For GPU profiling with SGLang on Linux, install the CUPTI extra matching your CUDA version: pip install graphsignal[cu12] (CUDA 12.x) or pip install graphsignal[cu13] (CUDA 13.x).
Graphsignal automatically instruments and profiles SGLang.
What is captured
- Profiling: SGLang millisecond-level operations.
- Tracing: SGLang OTEL spans.
- Metrics: SGLang Prometheus metrics.
Integration into a Python application that runs SGLang
Call graphsignal.configure(...) in your app and run SGLang normally.
import graphsignal
graphsignal.configure(api_key='my-api-key')
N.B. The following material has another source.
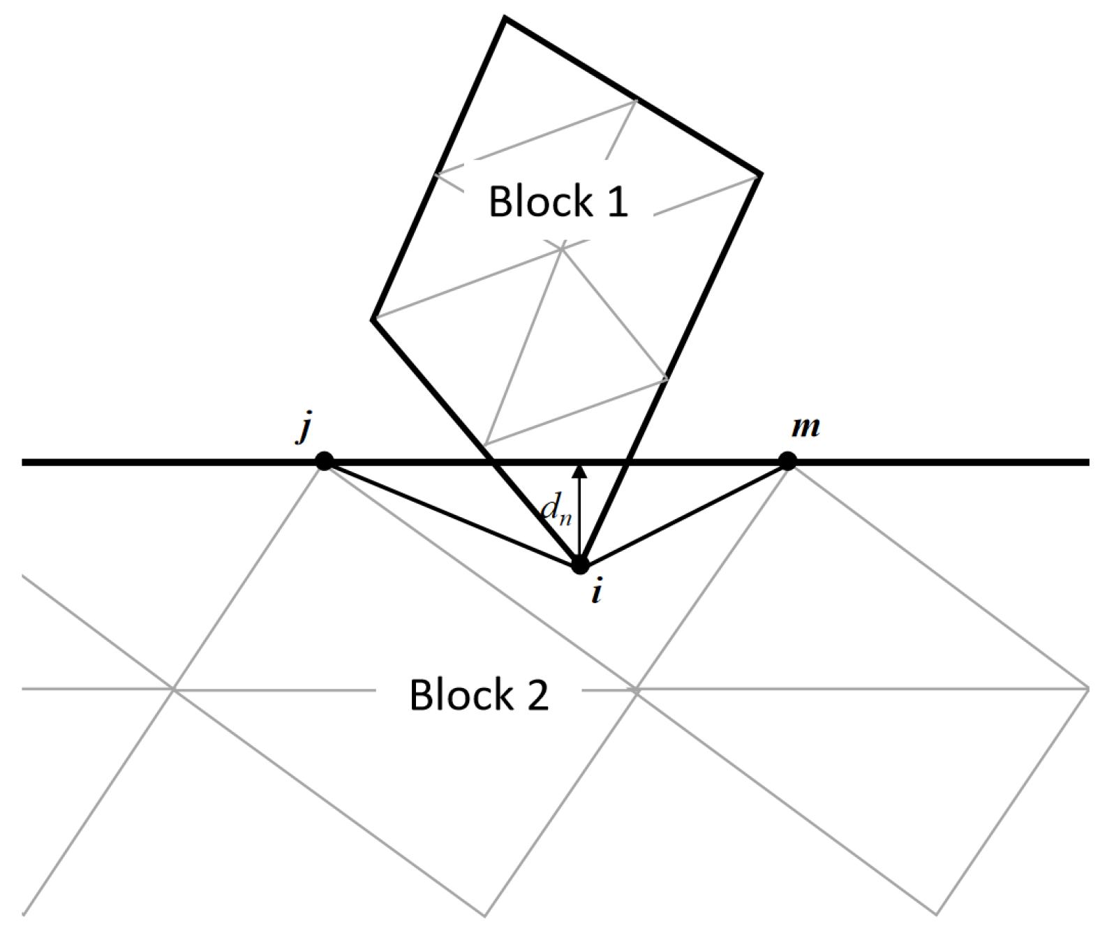 - Shi, G.H. Discontinuous deformation analysis: A new numerical model for the statics and dynamics of deformable block structures. Eng. Comput. 1992, 9, 157–168. [Google Scholar] [CrossRef]

# or pass the API key via the GRAPHSIGNAL_API_KEY environment variable
Run SGLang server with Graphsignal runner
Set your API key, then start sglang serve via graphsignal-run:
export GRAPHSIGNAL_API_KEY="..."
graphsignal-run sglang serve \
--model-path Qwen/Qwen1.5-7B-Chat \
--port 8000
Add Graphsignal to an SGLang Docker image
If your image does not include Graphsignal (or CUPTI), install Graphsignal at container startup and run SGLang through graphsignal-run.
docker run --gpus all \
-p 8000:8000 \
--ipc=host \
-e GRAPHSIGNAL_API_KEY=YOUR_API_KEY \
-v ~/.cache/huggingface:/root/.cache/huggingface \
--entrypoint bash \
your-sglang-image:latest \
-lc 'pip install --no-cache-dir graphsignal[cu12] \
&& exec graphsignal-run sglang serve \
--model-path Qwen/Qwen2.5-1.5B-Instruct \
--port 8000'